# Data under study
####

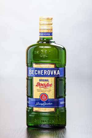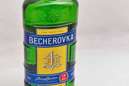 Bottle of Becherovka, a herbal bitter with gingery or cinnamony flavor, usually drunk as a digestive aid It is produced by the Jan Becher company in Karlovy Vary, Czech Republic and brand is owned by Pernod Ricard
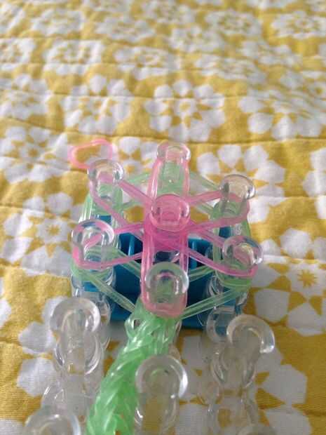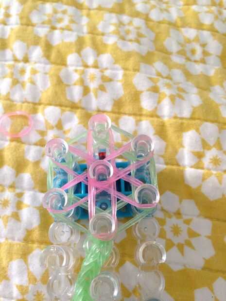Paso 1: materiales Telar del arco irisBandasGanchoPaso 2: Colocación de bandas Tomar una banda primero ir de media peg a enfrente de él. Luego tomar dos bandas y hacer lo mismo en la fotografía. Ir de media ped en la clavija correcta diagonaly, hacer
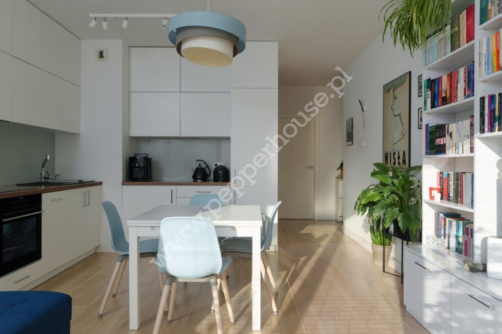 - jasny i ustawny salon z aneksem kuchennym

####

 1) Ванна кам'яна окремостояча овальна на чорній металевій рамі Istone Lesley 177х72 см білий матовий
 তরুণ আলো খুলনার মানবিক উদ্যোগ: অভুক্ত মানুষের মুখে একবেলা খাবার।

####

Nothing outside the stretch above, from the line with "Bottle of Becherovka, a" through the line with "- jasny i ustawny salon z aneksem kuchennym", is set down. Transcribe that stretch exactly, ends included, but not its pictures.

 Bottle of Becherovka, a herbal bitter with gingery or cinnamony flavor, usually drunk as a digestive aid It is produced by the Jan Becher company in Karlovy Vary, Czech Republic and brand is owned by Pernod Ricard
Paso 1: materiales Telar del arco irisBandasGanchoPaso 2: Colocación de bandas Tomar una banda primero ir de media peg a enfrente de él. Luego tomar dos bandas y hacer lo mismo en la fotografía. Ir de media ped en la clavija correcta diagonaly, hacer
 - jasny i ustawny salon z aneksem kuchennym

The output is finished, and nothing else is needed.